Answer 10/04

Answer to the Question 10/04

WIRE CAPACITOR

The question was:

A capacitor consists of two very long parallel conducting circular wires almost touching each other (see the cross section in the picture). Find the electric field of the capacitor. Does it have a finite capacitance? Explain!

(8/05) The solution of the problem can be found in numerous books. J.I.I. de la Torre (e-mail nacho@usal.es). sent us (30/5/05) a detailed analysis of the solution that can be found in an editted form in the following PDF file. Below we briefly outline the solution.

The answer: If the minimal distance between the cylinders is d, then the capacitance per unit length is
2πε/cosh^-1(1+2d/R+(d/2R)²),
where R is the radius of the cylinders, and ε is the permittivity of vacuum. When the separation d is much smaller than the radius of the cylinders R, the the capacitance is approximately πε(R/d)^1/2. Not surprisingly, for d=0, the capacitance diverges.
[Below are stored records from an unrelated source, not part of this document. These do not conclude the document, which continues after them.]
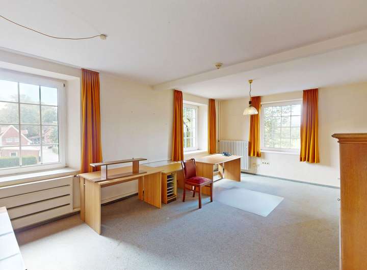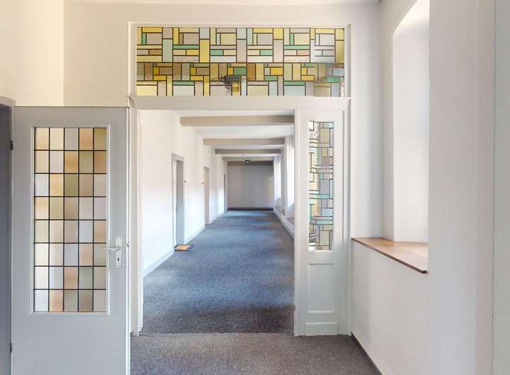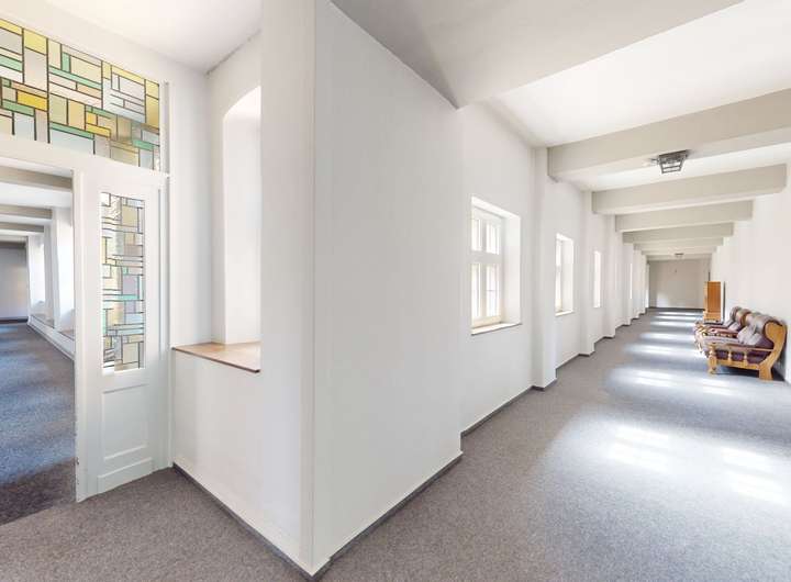 Die Räume sind schlicht und funktional gestaltet. Sprossenfenster als Einheitsvierecke, Rundbögen, kunstvolle Bleiglasfenster und Kassettentüren setzen besondere Akzente.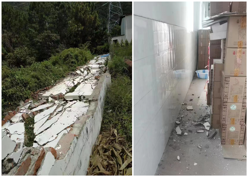 泸定县桑吉卓玛酒业公司倒塌的工厂围墙和库房墙体部分受损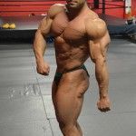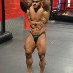 Lukas Osladil 212 lb IFBB pro bodybuilder from Prague, Czech Republic practicing his posing for the 2014 Arnold Classic at the East Coast Mecca. These photos are candids and are not photoshopped.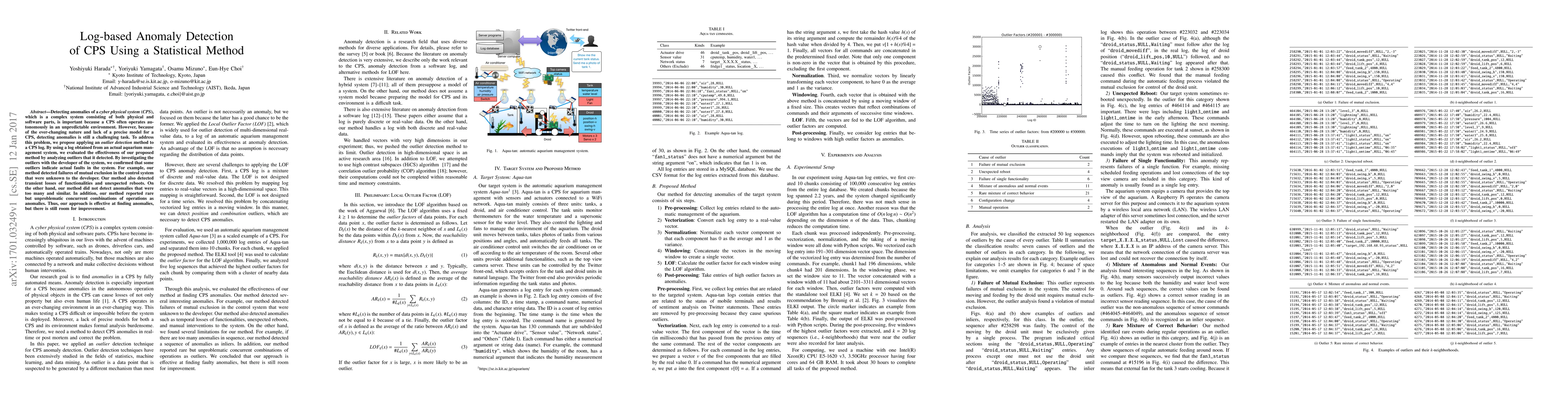 A new method using outlier detection on CPS logs successfully identified actual faults in an aquarium management system, detecting failures and transient losses of functionality, but with room for improvement to avoid reporting similar anomalies or rare operational variations.

The solution: In the plane perpendicular to the cylinders we are faced with a two-dimensional problem. This, and similar problems, are solved in many books considering two-dimensional electrostatics. In particular, it can be found in the Static and Dynamic Electricity by W.R. Smythe (Taylor&Frances, New York, 1989). (We thank K.T. McDonald for pointing out this reference.) Here, we outline the solution.

Electrostatic potential of two line charges 2πε and -2πε is given (in MKSA (SI) units) by the function
U=ln(r₂/r₁),
where r₁ and r₂ are the distances from the wires to a given point. Using, complex two dimensional plane with z=x+iy, with wires located at +ia, and -ia, we can write
U=Re ln((z+ia)/(z-ia)).
This relation can be re-written as
x²+(y-a coth U)²=a² csch² U.
From this relation we immediately see, that equipotential lines are circles centered at a coth U with radius a|csch U|. By choosing potentials of the cylinders U₁ (negative) and U₂ (positive) at the surfaces of the cylinders, i.e.
R=-a csch U₁=a csch U₂,
and the separation between the centers
2R+d=a (-coth U₁+coth U₂),
we find that
cosh(U₂-U₁)=1+2d/R+(d/2R)².
By dividing the charge per unit length by potential difference, we find the capacitance quoted in the answer.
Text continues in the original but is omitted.